Hi @Raghav1,
There are a few things happening here, so let me walk through each one and give you a path forward.
UNDERSTANDING THE GATEWAY_DEFINITION ERROR
The error "Modifying following parameter gateway_definition in pipeline settings is not allowed" occurs because certain pipeline parameters are treated as immutable once the pipeline is created. The gateway_definition is an internal field tied to how the pipeline's compute is initially provisioned, and it cannot be changed via a CLI update command after creation.
The recommended approach is to delete the pipeline and recreate it with the correct compute configuration from the start.
HOW TO PROPERLY ATTACH A CLUSTER POLICY TO A PIPELINE
When creating a Lakeflow Spark Declarative Pipeline (SDP) via the Databricks CLI or REST API, you need to include the policy_id in the clusters array of your pipeline definition JSON, along with apply_policy_default_values set to true. This ensures the policy defaults are applied to the pipeline compute.
Here is an example pipeline creation JSON that references a cluster policy:
{
"name": "my-sdp-pipeline",
"clusters": [
{
"label": "default",
"policy_id": "<your-cluster-policy-id>",
"apply_policy_default_values": true
}
],
"libraries": [
{
"notebook": {
"path": "/path/to/your/notebook"
}
}
],
"development": true
}
The "label": "default" ensures the policy applies to both the update cluster and the maintenance cluster that every pipeline creates.
To create this pipeline via the Databricks CLI:
databricks pipelines create --json '{
"name": "my-sdp-pipeline",
"clusters": [
{
"label": "default",
"policy_id": "<your-cluster-policy-id>",
"apply_policy_default_values": true
}
],
"libraries": [
{
"notebook": {
"path": "/path/to/your/notebook"
}
}
],
"development": true
}'
IMPORTANT: POLICIES CONSTRAIN, THEY DO NOT AUTO-DOWNSIZE
A cluster policy constrains what values are allowed for compute configuration. It does not automatically select the smallest possible VM for you. If your pipeline definition does not explicitly set a node_type_id, Databricks will auto-select one, and that auto-selected type must still comply with your policy. If the auto-selected type happens to be Standard_F4s and that exceeds your Azure Free Trial quota, the cluster will fail to launch.

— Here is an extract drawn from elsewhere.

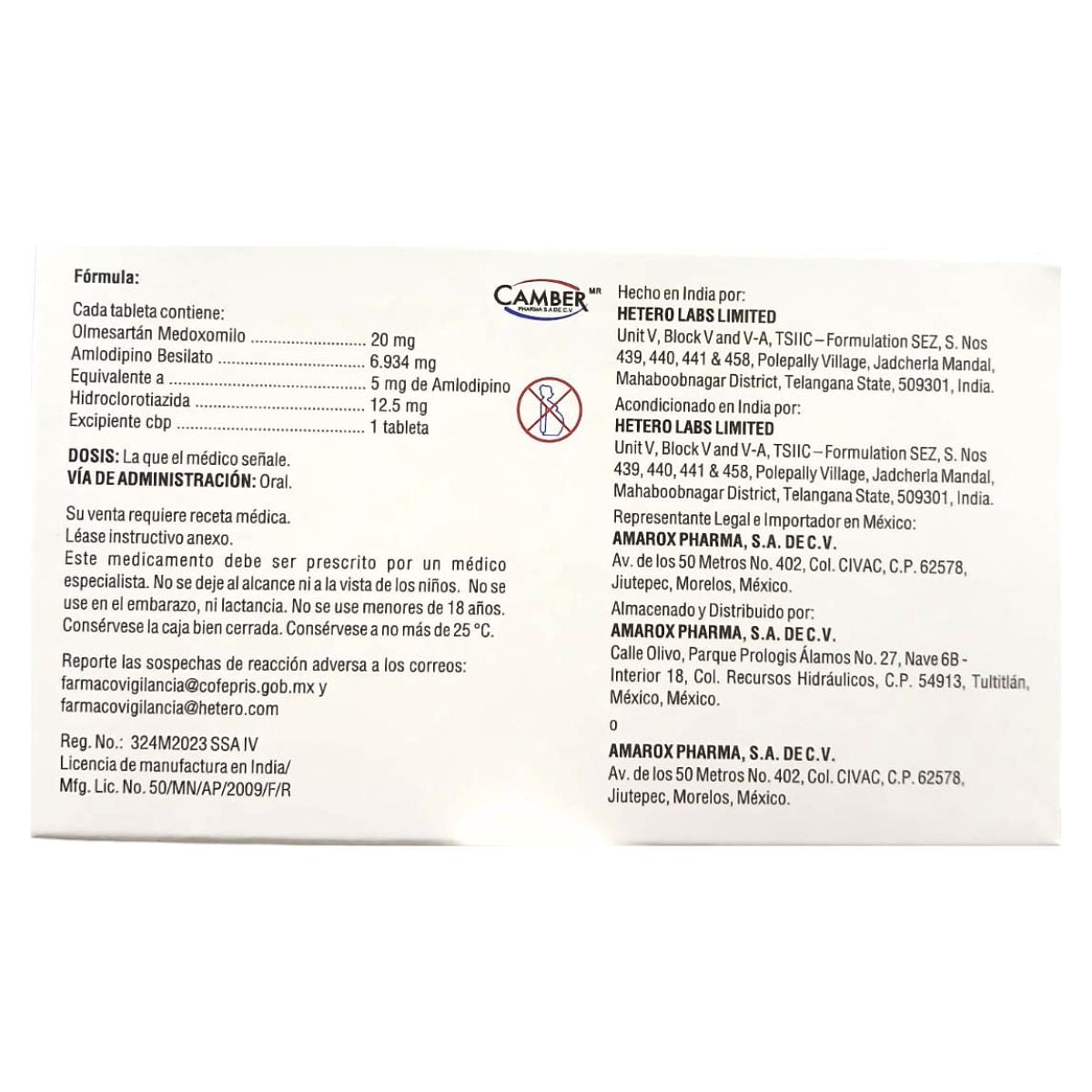 Olmesartán 20 mg / Amlodipino 5 mg / Hidroclorotiazida 12.5 mg Caja con 28 Tabletas

To ensure a small enough VM is used, you should either:
1. Set a fixed node_type_id directly in the pipeline's clusters configuration:
{
"clusters": [
{
"label": "default",
"policy_id": "<your-policy-id>",
"apply_policy_default_values": true,
"node_type_id": "Standard_DS3_v2",
"driver_node_type_id": "Standard_DS3_v2",
"num_workers": 0
}
]
}
2. Or set a fixed value in the cluster policy itself so that any pipeline using it always gets a small VM:
{
"cluster_type": {
"type": "fixed",
"value": "dlt"
},
"node_type_id": {
"type": "fixed",
"value": "Standard_DS3_v2",
"hidden": true
},
"driver_node_type_id": {
"type": "fixed",
"value": "Standard_DS3_v2",
"hidden": true
},
"num_workers": {
"type": "fixed",
"value": 0,
"hidden": true
}
}
Note: For Lakeflow Spark Declarative Pipelines (SDP) policies, you must include "cluster_type" set to "dlt" in the policy definition.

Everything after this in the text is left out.